Our culture dehumanises women by reducing them all to breeders and non-breeders

Women are held back by a culture which groups us crudely into mummy and non-mummy camps; we must not fall into this trap of dehumanising ourselves.

By Glosswitch

Recently my mother told me about an encounter she’d had with one of my former primary school teachers. As is often the case with her, it involved an inordinate amount of boasting:

“I told him about all your degrees and your job and he said ‘ooh, I always knew she was clever’, but I told him it was alright because you’d still had children and were normal.”

At the time it made me laugh. God forbid a woman having too many degrees to be “normal”! All the same, I knew exactly what she meant and why she had said it. She needed to reassure people that I hadn’t turned into one of “those” women; I hadn’t let university go to my head and forgotten my essential function. I can laugh all I want, but part of me knows that this matters. Like it or not, I am judged on my reproductive worth and I have not been found wanting.

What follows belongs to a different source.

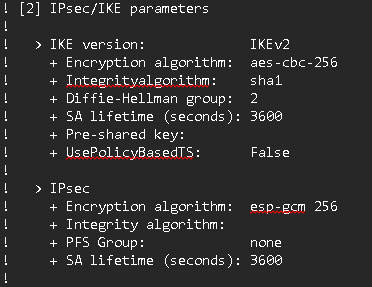 - Note the IKE parameters on a Basic SKU VPN are in section 2, listed as…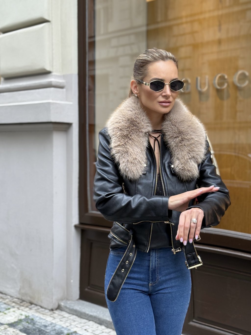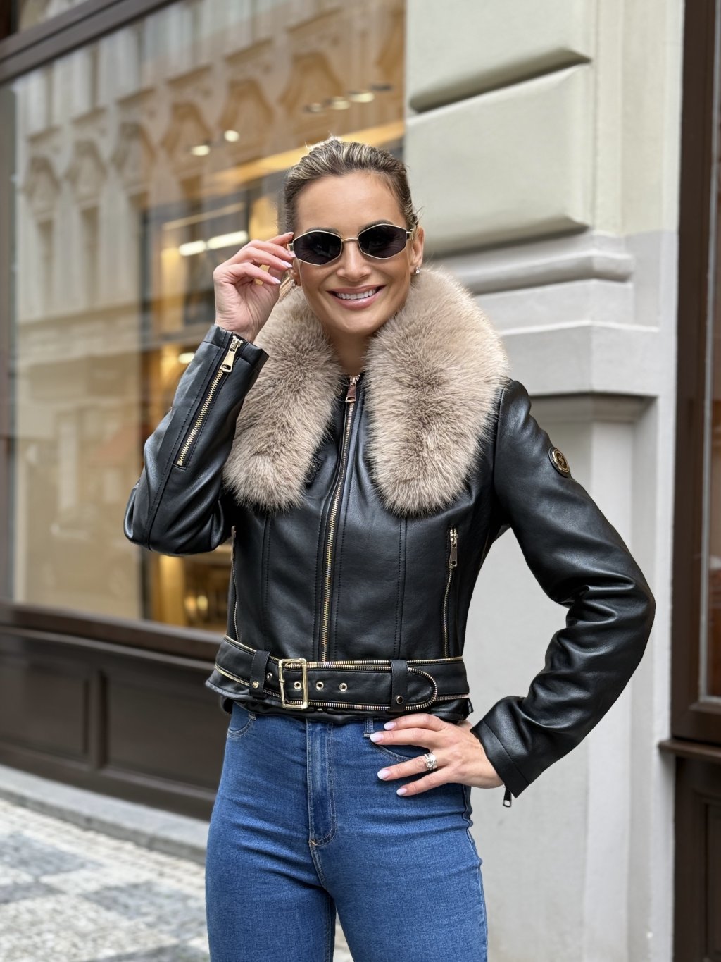 Bunda Aria Noir je ztělesněním elegance, síly a sebevědomí. Krátký střih dokonale zvýrazní postavu a působí žensky i odvážně zároveň. Límec z luxusní imitace kožešiny dodává celému modelu hřejivý a exkluzivní vzhled, zatímco prémiová eko kůže se postará o pohodlí i styl. Zlaté detaily a zipy zvýrazňují její charakter, pásek v pase pak umožní přizpůsobit střih a krásně tvaruje siluetu.

In that respect, even though I lack the money, fame and status, I have one over on the likes of Jennifer Aniston and Kylie Minogue. Poor them! All of that success and yet they forgot the basics! Aniston can protest all she likes – claiming to have “birthed” and “mothered” many other projects – but she will still be looked upon as having “failed”. As the Observer’s Barbara Ellen writes in response to Aniston’s recent defence of her child-free status, “childless women, particularly as they mature past childbearing age, find themselves dismissed as redundant, withering, lacking”. As a mother, I can of course choose to feel smug, seeing it as payback for all those sleepless nights and dirty nappies; for once, I win! Yet if I’m honest, such a victory is illusory. In a culture that reduces all women to breeders and non-breeders, how could any of us win?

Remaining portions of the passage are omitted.